Une réalité qu’elle a dû accepter avec le temps, après avoir ressenti une forte culpabilité liée à ses absences professionnelles. Progressivement, elle a trouvé une manière de préserver son lien avec son fils. "Partir une semaine tous les ans en tête-à-tête" est devenu un rituel essentiel. Ce moment privilégié lui permet aujourd’hui de prendre du recul : "Je me rends compte que j'ai fait du mieux que je pouvais."
La dyslexie de son fils Lou, une réalité assumée
Au-delà de la question de la parentalité, Audrey Fleurot évoque aussi un sujet plus personnel : la dyslexie de son fils. Un trouble qui touche entre 4 et 5 % des élèves en France, selon les chiffres relayés par les sources. Elle se souvient d’un parcours d’apprentissage compliqué. "Je vais vous confier une anecdote qui m'a rassurée. Mon fils est dyslexique, l'apprentissage de la lecture et de l'écriture a donc été très compliqué", explique-t-elle, selon nos confrères de Purepeople.
Malgré ces difficultés, un moment précis l’a profondément marquée. Très jeune, son fils lui lance : "C'est de l'ironie, maman." Une remarque inattendue qui révèle une grande finesse de compréhension. Pour l’actrice, cette capacité a été source de fierté et d’apaisement.
L’humour et la transmission, au cœur de son éducation
Dans cette expérience, Audrey Fleurot a trouvé une ligne directrice pour l’éducation de son fils. Elle accorde une place centrale à l’humour, qu’elle considère comme essentiel pour avancer. "L'humour est comme un bouclier. Comme le fait de beaucoup travailler aussi, parce qu'il est quelquefois plus simple d'évoluer dans la fiction que dans la réalité." Cette vision influence directement la manière dont elle accompagne son fils au quotidien.

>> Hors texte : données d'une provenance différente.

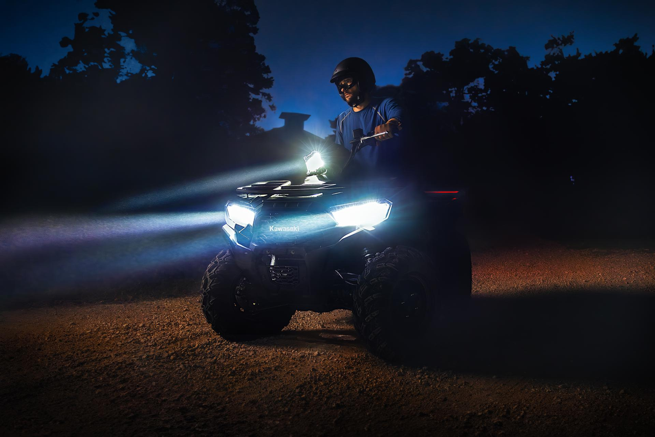 Featured on the front grille in an eye-catching way, the 3D “Kawasaki” emblem ties the BRUTE FORCE 450 to the Kawasaki family and is sure to be a point of pride for owners.

Elle insiste également sur ses priorités éducatives, qui vont bien au-delà des performances scolaires. "Qu'il soit drôle et bien élevé est presque plus important que ses études. Il faut qu'il soit bien dans ses baskets évidemment, mais je serais triste de ne pas partager l'humour avec lui." Entre tournages et vie de famille, l’actrice continue d’adapter son organisation. Elle confie d’ailleurs : "Je l'ai beaucoup emmené sur les tournages cette année", preuve d’un quotidien où les deux univers se croisent en permanence.